- The Cybersecurity and Infrastructure Security Agency warned Tuesday that threat actors are attempting to exploit Unitronics programmable logic controllers that are used in water and wastewater treatment facilities.
- The warning comes days after a reported attack against the Municipal Water Authority of Aliquippa, which provides water treatment to facilities in multiple townships in Pennsylvania.
- The hack was connected to an Iran-linked group called Cyber Av3ngers, according to Check Point Research. The group has targeted critical infrastructure in Israel since the start of the war with Hamas in early October.
The incident raises the spotlight on a sector that has been the focus of Biden administration efforts to secure critical infrastructure. The attack comes weeks after the Environmental Protection Agency was forced to rescind water system audits after a legal challenge from state officials.
Check Point said the group has exploited Microsoft Exchange vulnerabilities for initial access into systems.
Federal authorities, including the FBI and Department of Homeland Security have taken the lead on investigating the incident, according to a Pennsylvania State Police spokesperson.
The FBI confirmed it is investigating multiple cyberattacks nationwide.
“The FBI is aware and investigating the various incidents across the country,” a spokesperson said via email. “We will continue to assist impacted organizations.”
The agency is asking anyone who thinks they may have been impacted by these attacks, to file a report with the Internet Crime Complaint Center at www.ic3.gov. The FBI did not specify which other cyber incidents were under investigation.
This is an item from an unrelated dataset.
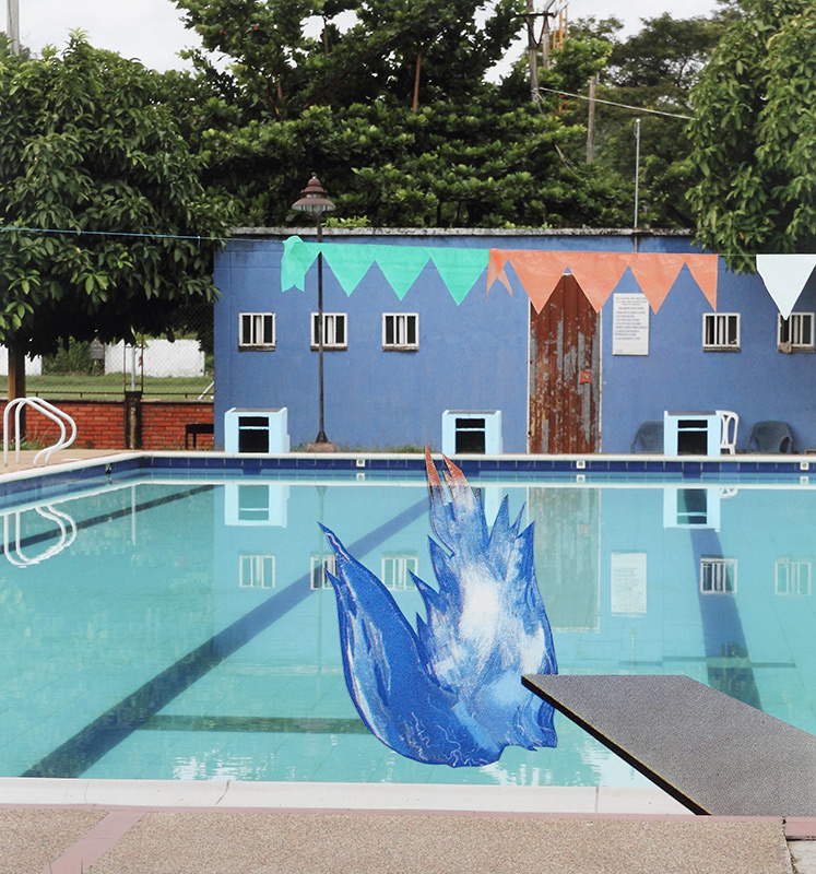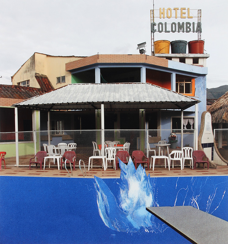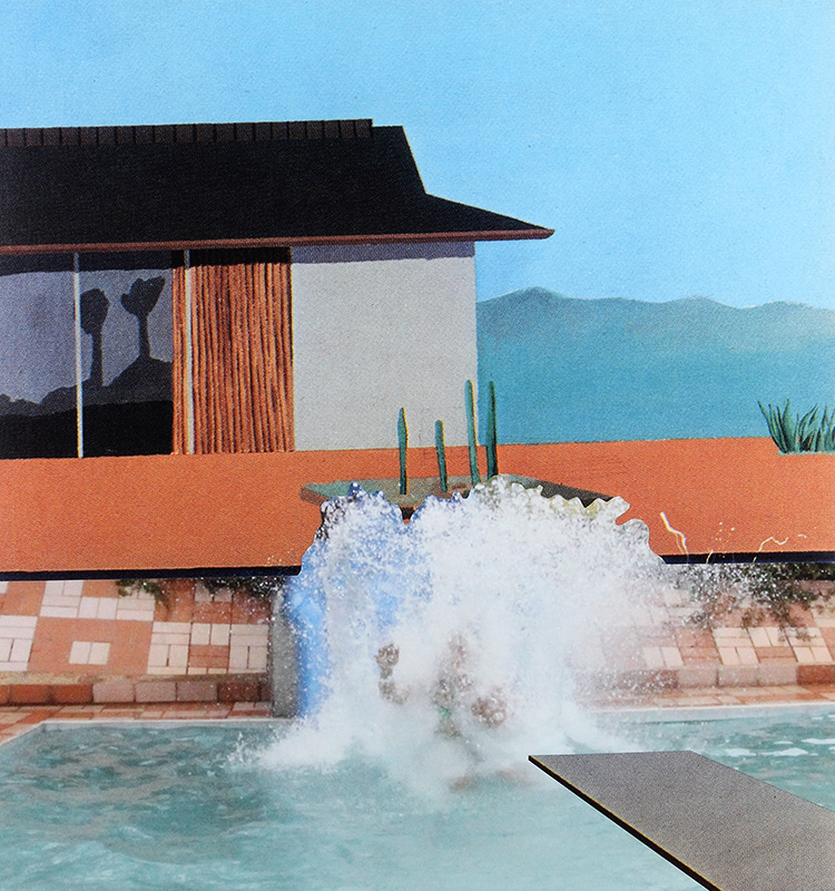 Collage a partir de fotografías recortadas de piscinas de Melgar y de ampliaciones digitales de una reproducción impresa de “A Bigger Splash” de David Hockney. Estos tres collages fueron presentados en la exposición colectiva Melgart Arte de Paseo en el MamBo. Cada collage mide 50 x 46 cm
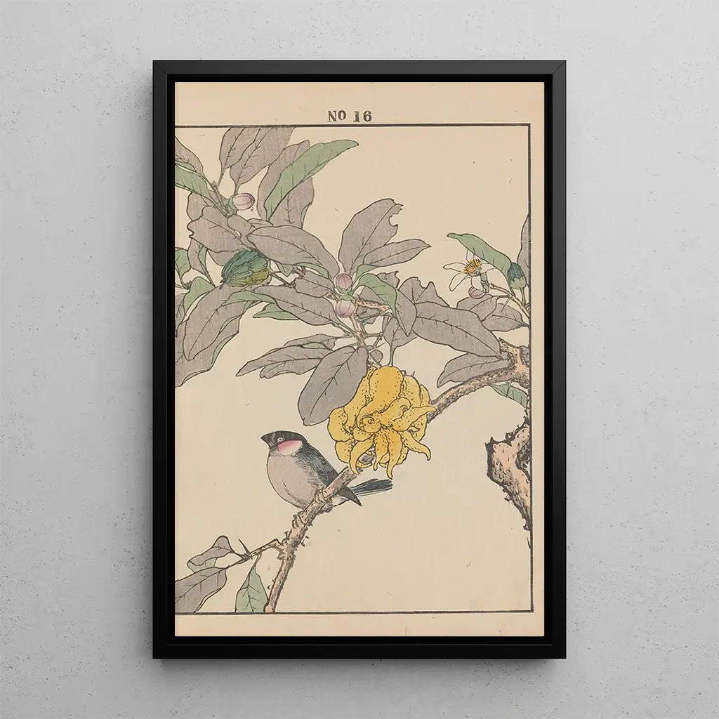 Keinen kach gafu Pl102 art print immerses us in a floral universe where each petal seems to vibrate under the light. The vibrant colors, ranging from deep reds to bright yellows, create a captivating visual harmony. The technique of the Japanese woodblock print, with its meticulous details, brings this composition to life, evoking a sense of lightness and serenity. The atmosphere emanating from this artwork invites contemplation, as if each flower tells an ancient story, a connection between nature and art. Imao Keinen: a master of the Japanese woodblock print Imao Keinen, active at the end of the 19th century, is recognized as one of the great masters of the Japanese woodblock print. Influenced by the ukiyo-e tradition, he managed to incorporate modern elements while preserving the essence of his art. His period of creation coincides with a time of transition in Japan, where traditional art blends with Western influences. Keinen captured the ephemeral beauty of nature, making his works valuable testimonies of Japanese culture. His legacy endures, inspiring many contemporary artists. A decorative art print with multiple assets This reproduction of the painting Keinen kach gafu Pl102 is an ideal choice to enhance your interior. Whether in a living room, office, or bedroom, it adds a touch of elegance and serenity. The quality of the print guarantees fidelity to the colors and details of the original artwork, making each viewing a moment of aesthetic pleasure. By adding this art print to your decor, you create a space where art and nature meet, offering a calming and inspiring atmosphere.

The Water Information Sharing and Analysis Center on Tuesday issued an advisory regarding the threat to water treatment facilities, noting the group has launched attacks against multiple facilities in Israel.
Officials at Unitronics were not immediately available for comment.
The programmable logic controllers are used to turn off pumps at a pump station to fill tanks and reservoirs, flow the pace chemicals and also gather monthly compliance data, according to CISA.
The hackers are suspected of accessing the device, a Unitronics Vision Series PLC with a human machine interface, by exploiting weaknesses in the system, including poor password security and exposure to the internet, the agency said.
CISA is urging organizations to take several immediate steps:
- Change the default password on the Unitronics PLC device.
- Require multifactor authentication for all access to the OT network.
- Disconnect the PLC from the open internet link. However if remote access is necessary, install a firewall or VPN to control network access.
- Backup the logic and configurations on any Unitronics PLC device.
- If possible, use a TCP port other than the TCP 20256 default port.
Editor's note: This story has been updated to include details on the FBI investigation.